The Linux Kernel Mailing List
 help / color / mirror / Atom feed
From: "Vlastimil Babka (SUSE)" <vbabka@kernel.org>
To: "Harry Yoo (Oracle)" <harry@kernel.org>,
	Andrew Morton <akpm@linux-foundation.org>,
	Hao Li <hao.li@linux.dev>, Christoph Lameter <cl@gentwo.org>,
	David Rientjes <rientjes@google.com>,
	Roman Gushchin <roman.gushchin@linux.dev>,
	Suren Baghdasaryan <surenb@google.com>, Hao Ge <hao.ge@linux.dev>,
	Kees Cook <kees@kernel.org>, Pedro Falcato <pfalcato@suse.de>,
	Shakeel Butt <shakeel.butt@linux.dev>,
	Danielle Constantino <dcostantino@meta.com>
Cc: linux-mm@kvack.org, linux-kernel@vger.kernel.org
Subject: Re: [PATCH RFC hotfixes 2/2] mm/slab: prevent unbounded recursion in free path with new kmalloc type
Date: Thu, 2 Jul 2026 14:57:34 +0200	[thread overview]
Message-ID: <de2e0d60-6954-4b54-bbff-ae78dbf9f789@kernel.org> (raw)
In-Reply-To: <20260702-kmalloc-no-objext-v1-2-167175008538@kernel.org>

On 7/2/26 06:09, Harry Yoo (Oracle) wrote:
> Commit 280ea9c3154b ("mm/slab: avoid allocating slabobj_ext array from
> its own slab") avoided recursive allocation of obj_exts from kmalloc
> caches of the same size, by bumping the obj_exts array's allocation
> size whenever the array size equals the size of the object being
> allocated.
> 
> However, as reported by Danielle Costantino and Shakeel Butt,
> even slabs from kmalloc caches of different sizes can form a cycle
> by allocating obj_exts arrays from each other [1]:
> 
>   What happened: a KMALLOC_NORMAL slab's obj_exts array (used by
>   allocation profiling / memcg accounting) is itself kmalloc()'d from a
>   KMALLOC_NORMAL cache, so the "slab holds another slab's obj_exts array"
>   relation can form cycles.
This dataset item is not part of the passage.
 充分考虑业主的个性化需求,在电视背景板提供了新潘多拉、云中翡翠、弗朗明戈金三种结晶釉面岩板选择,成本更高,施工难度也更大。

With sizeof(struct slabobj_ext) == 16 and
>   the host's geometry:
> 
>   - kmalloc-512 has 64 objects/slab -> array is 64*16 == 1024 bytes,
>     served from kmalloc-1k;
>   - kmalloc-1k  has 32 objects/slab -> array is 32*16 ==  512 bytes,
>     served from kmalloc-512.
> 
>   A kmalloc-512 slab and a kmalloc-1k slab therefore hold each other's
>   obj_exts array.  Discarding one frees the other's array, which empties
>   and discards that slab, which frees the first's array, and so on:
>   __free_slab() -> free_slab_obj_exts() -> kfree() -> discard_slab() ->
>   __free_slab() recurses along the cycle until the stack is exhausted.
> 
> With memory allocation profiling, this allows unbounded recursion
> in the free path and led to a stack overflow on a production host in
> the Meta fleet [1]:
> 
>   BUG: TASK stack guard page was hit
>   Oops: stack guard page
>   RIP: 0010:kfree+0x8/0x5d0
>   Call Trace:
>    __free_slab+0x66/0xc0
>    kfree+0x3f0/0x5d0
>    ... ( ~125x __free_slab <-> kfree ) ...
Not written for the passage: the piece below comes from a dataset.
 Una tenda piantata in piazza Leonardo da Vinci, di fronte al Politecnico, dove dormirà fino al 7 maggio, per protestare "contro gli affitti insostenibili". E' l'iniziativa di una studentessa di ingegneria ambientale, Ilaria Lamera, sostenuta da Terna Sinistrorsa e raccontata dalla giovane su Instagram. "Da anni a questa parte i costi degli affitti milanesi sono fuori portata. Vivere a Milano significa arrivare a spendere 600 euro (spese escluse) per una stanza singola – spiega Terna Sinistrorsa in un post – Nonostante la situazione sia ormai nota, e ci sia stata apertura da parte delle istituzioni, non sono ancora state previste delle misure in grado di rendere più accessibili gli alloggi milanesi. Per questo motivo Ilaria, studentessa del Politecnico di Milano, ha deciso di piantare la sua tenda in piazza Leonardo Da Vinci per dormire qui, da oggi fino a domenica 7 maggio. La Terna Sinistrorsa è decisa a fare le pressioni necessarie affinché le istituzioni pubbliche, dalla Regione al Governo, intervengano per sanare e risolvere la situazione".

>    <kernel driver freeing a resource>
>    do_syscall_64
> 
> It is proposed [1] to resolve this issue by always serving the obj_exts
> array allocation from kmalloc caches (or large kmalloc) of sizes larger
> than the object size. However, as pointed out by Vlastimil Babka [2],
> this can waste an excessive amount of memory as slabs from large
> kmalloc sizes (e.g. kmalloc-8k) generally need obj_exts arrays much
> smaller than the object size.
> 
> Therefore, rather than bumping the size, let us take a different
> approach; disallow formation of cycles between kmalloc types when
> allocating obj_exts arrays. Currently, all obj_exts arrays are served
> from normal kmalloc caches. Cycles cannot be created if obj_exts arrays
> of normal kmalloc caches are served from a special kmalloc type that can
> never have obj_exts arrays.
> 
> To achieve this, create a new kmalloc type called KMALLOC_NO_OBJ_EXT.
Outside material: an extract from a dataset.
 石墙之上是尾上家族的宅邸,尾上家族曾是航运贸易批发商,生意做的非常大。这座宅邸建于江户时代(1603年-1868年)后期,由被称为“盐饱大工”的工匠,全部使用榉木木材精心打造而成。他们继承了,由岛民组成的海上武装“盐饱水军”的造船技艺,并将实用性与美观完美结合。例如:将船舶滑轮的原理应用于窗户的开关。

> KMALLOC_NO_OBJ_EXT caches are created when CONFIG_SLAB_OBJ_EXT is
> enabled, and they have SLAB_NO_OBJ_EXT flag to prevent allocation
> of obj_exts arrays. They remain unused until allocation of obj_exts
> arrays for normal kmalloc caches happens.

I wonder if we should just use them always (not just for kmalloc_normal) if
we already have them. Would there be any downside?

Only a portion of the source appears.